Route information
- Part of E80
- Maintained by ASF
- Length: 48.4 km (30.1 mi)
- Existed: 1970–present

Major junctions
- West end: E15 / E80 / A 9 in Nîmes
- E80 / N 572 in Arles; E80 / N 113 in Saint-Martin-de-Crau;
- East end: E80 / E714 / A 7 in Salon-de-Provence

Location
- Country: France

Highway system
- Roads in France; Autoroutes; Routes nationales;

= A54 autoroute =

Road in France

The A54 autoroute is a toll motorway in France managed by ASF and is close to 80 km long.
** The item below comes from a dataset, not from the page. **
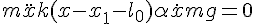 On repère les positions M etS par leurs abscisses x etsur un axe Ox tel que x1=0 lorsque la route est horizontale. Par ailleurs, le point M est soumis à l'action d'un amortissement fluide de coefficient
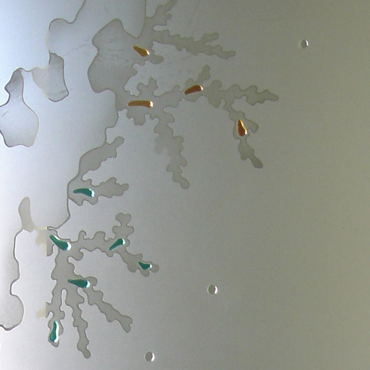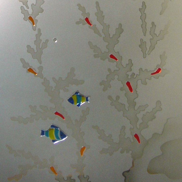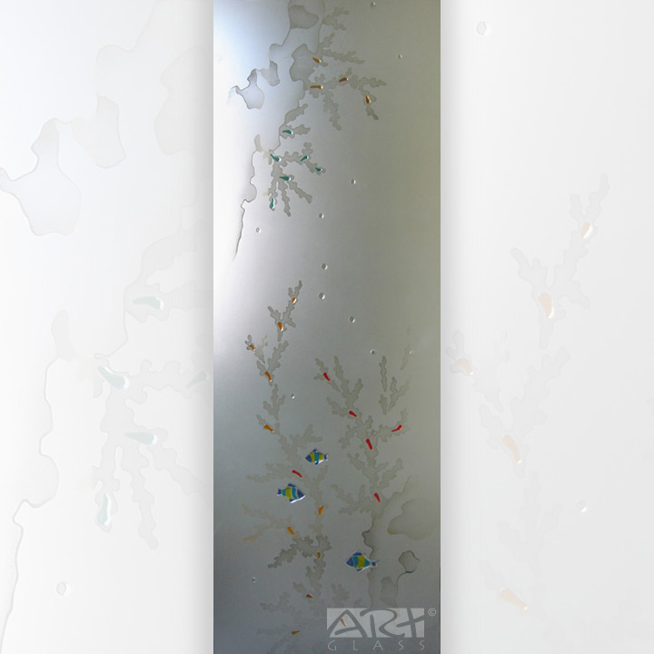 Рисунок «Коралл 1» может быть выполнен на прозрачном или матовом фоне. Степень прозрачности стекла, цвет и общее количество элементов фьюзинга могут изменяться, по Вашему желанию.

It is part of European route E80.

==Route==
The motorway connects Salon-de-Provence with Nîmes and merges with the N113 between Saint-Martin-de-Crau and Arles.

==History==
Its first section was opened south of Salon-de-Provence in 1970, at the same time as the section of the A7 between Sénas and Rognac.

In 1990, the portion between Nîmes and Arles was opened. It was connected to Saint-Martin-de-Crau and Salon-de-Provence in 1996.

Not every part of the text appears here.